Benjamin Jesson

Personal information
- Born: 19 February 1988 (age 38) Redhill, England

Sport
- Country: United Kingdom
- Sport: Shooting
- Event: Air rifle
- Club: Balcombe Rifle and Pistol Club
- Turned pro: 2011
- Coached by: Pasan Kularatne

Achievements and titles
- Paralympic finals: 2012

= Ben Jesson =

British sport shooter (born 1988)

Benjamin Jesson (born 19 February 1988) is a British sport shooter. In 2012 he represented Great Britain at the Summer Paralympics in London taking part in the Mixed R6–50 m rifle prone SH1.

==Personal history==
Jesson was born in Redhill, England in 1988. At the age of 15 he was diagnosed with Charcot–Marie–Tooth disease a hereditary nervous system disorder, which caused foot drop in both of his feet. He attended Hazelwick School in Crawley, later matriculating to Aberdeen University where he achieved a degree in marine biology.

==Shooting career==
Jesson was introduced to both sports shooting and archery at Aberdeen University in 2006. He decided to focus on shooting because it piqued his interests the most, finding it mentally challenging. Classified as an SH1 athlete, Jesson joined the Great Britain shooting team in 2011 and that year competed in his first major international competition, the 2011 IPC World Cup in Alicante. In Alicante he was entered into the 10m Air Rifle Prone mixed SH1, finishing 45th. 2011 also saw Jesson competing in the International Shooting Competition at Stoke Mandeville where he came 22nd in the same event.

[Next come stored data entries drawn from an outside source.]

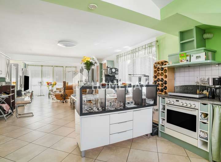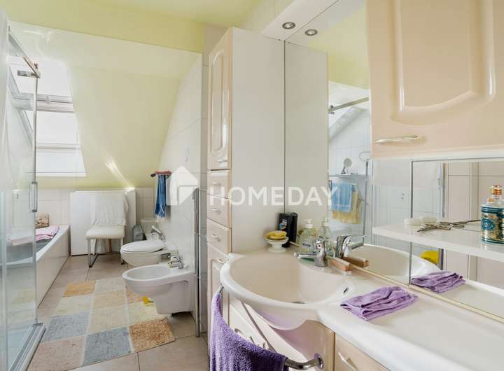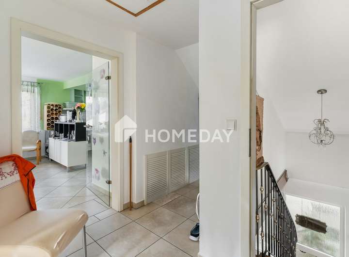 Der Wintergarten lädt das ganze Jahr über zum Entspannen ein und eröffnet einen schönen Blick in den grünen Garten. Insgesamt stehen ca. 221 Quadratmeter Wohnfläche mit neun Zimmern zur Verfügung, die sich flexibel für verschiedene Wohnkonzepte gestalten lassen. Beide Wohneinheiten verfügen über Tageslichtbäder; das Badezimmer im Erdgeschoss bietet neben einer Badewanne auch eine separate Dusche und ein Bidet. Eine Einbauküche mit hochwertigen Markengeräten ist ebenfalls bereits im Kaufpreis enthalten.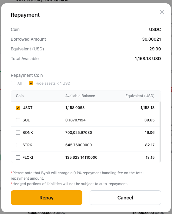 Step 2: The system will first use your available borrowed coin for repayment. Any remaining amount will be covered by converting your collateral into the borrowed coin.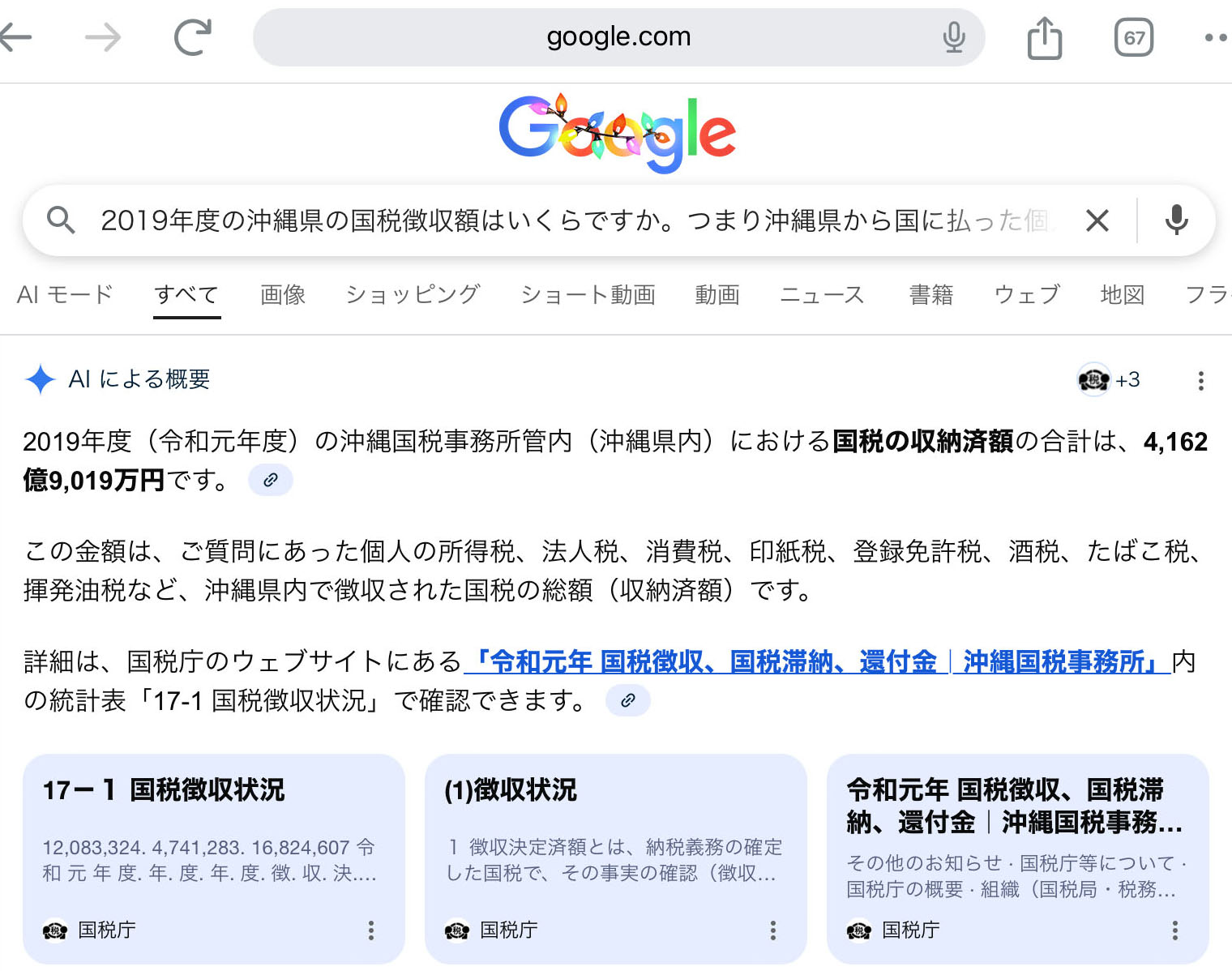 「沖縄県の法人や個人や会社が日本政府に収めている税金は2019年度でいくらですか?法人税は消費税も含みますその他のぜいもありますかあれば含みます」で検索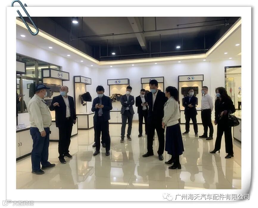 2023年2月24日上午,海天集团行政副总张秋英女士携同赤坭工厂长谭春君先生热情接待: 广州金融控股集团有限公司副董事长&总经理梁宇先生、 广州金融控股集团有限公司党委委员&副总经理林伟清先生、花都区政协副主席&区科工商信局局长陈为文先生、广州金融控股集团有限公司党委委员&副总经理王达先生等领导一行。(此名单按图三站位从左至右介绍)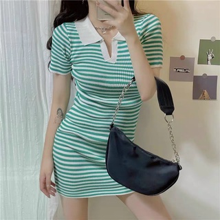 Đầm cổ bẻ V tay ngắn sọc ngang ôm body cực xinh , chất thun gân mềm mịn mk

In 2012 Jesson qualified for the Summer Paralympics in London, competing in the 50m Free Rifle Prone SH1. Before the competition Jesson expressed his desire to make the final eight, believing that making the British team for the Paralympics was an amazing achievement. He eventually finished 47th, later stating that the London Games were "not the best of my performances".

At the 2013 European Championships he achieved a personal best finishing in the top 15. In 2015 at the IPC Shooting World Cup in Croatia, Jesson finished 9th in the R6 Mixed 50m rifle prone SH1 gaining a quota slot for the 2016 Summer Paralympics in Rio.